## [Instructions for the task]
The lines to transcribe run from the top of the material below to the line with "Beautifully handcrafted white", inclusive. Leave the pictures behind.

## [Available data]
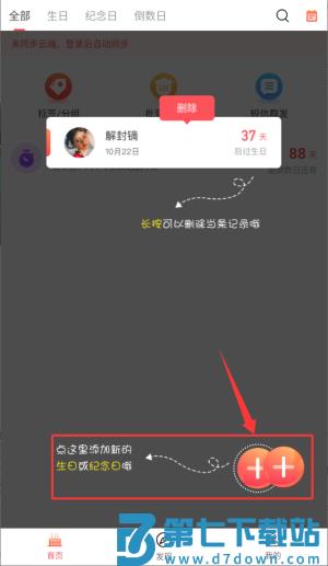 3、点击主界面"+"号,即可添加并管理生日或纪念日记录。
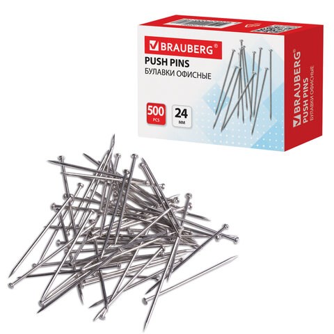 Булавки офисные 24 мм BRAUBERG 50 г, в карт. коробке, 220562
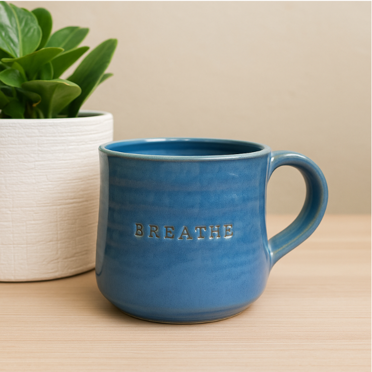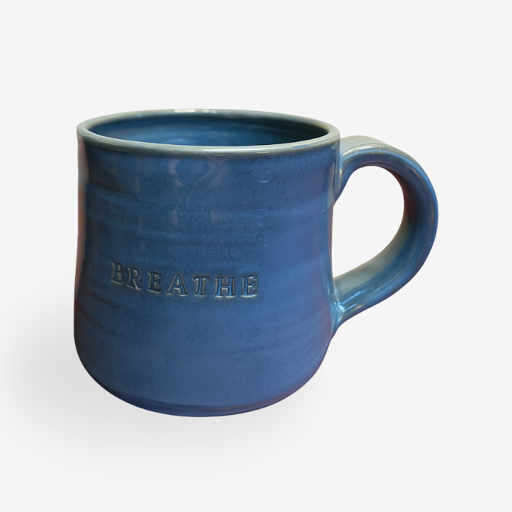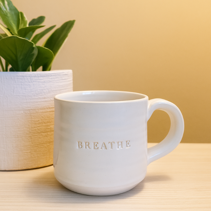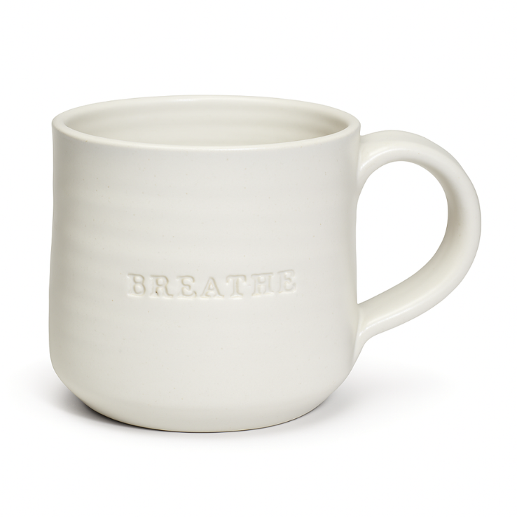 Beautifully handcrafted white clay mug that features a light glaze and a debossed logo that reads "Breathe." Top rack dishwasher and microwave safe.
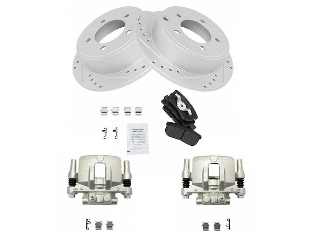 Rear TRQ Brake Pad Rotor and Caliper Set fits Chrysler Sebring 2007-2010 53RPQD Rear TRQ Brake Pad Rotor and Caliper Set fits Chrysler Sebring 2007-2010 53RPQD Position: Rear Brand: TRQ Brake Pad Rotor and Caliper Set Condition: New Product Description Notes: Semi-Metallic Performance Brake Pad & Rotor Kit with Calipers Features: Semi-Metallic Improved Stopping Power: Cross-drilled slotted to reduce brake fade Longer Lasting: True non-interference vane design for optimized cooling Positive Molded: Less dust resulting in cleaner wheels Multi-Layer Shim: Reduced noise and vibration Direct Replacement: No modifications necessary Product Specifications Wheel Lug Count: 5 Lug Coating: Premium G-Coated Grade Type: Performance Type: Performance Surface Type: Slotted X Drilled Brake Rotor Diameter: 10.31 in. (262mm) Package Contents: (2) Rear Brake Calipers with Hardware; (1) Rear Semi-Metallic Brake Pad Set with Contact Point Grease & Hardware; (2) Rear G-Coated Performance Brake Rotors Detailed Applications Years Vehicle 2007-2010 Chrysler Sebring Warranty Coverage Policy 12 Month Warranty 30 Day Return Policy Return shipping paid by: Buyer Item must be returned within: 30 Days Refund will be given as: Money Back DO NOT SEND RETURNS BACK WITHOUT A VALID RMA NUMBER If you have an issue after receiving your part, please email us directly through eBay

## [Result of this task]
 3、点击主界面"+"号,即可添加并管理生日或纪念日记录。
 Булавки офисные 24 мм BRAUBERG 50 г, в карт. коробке, 220562
 Beautifully handcrafted white clay mug that features a light glaze and a debossed logo that reads "Breathe." Top rack dishwasher and microwave safe.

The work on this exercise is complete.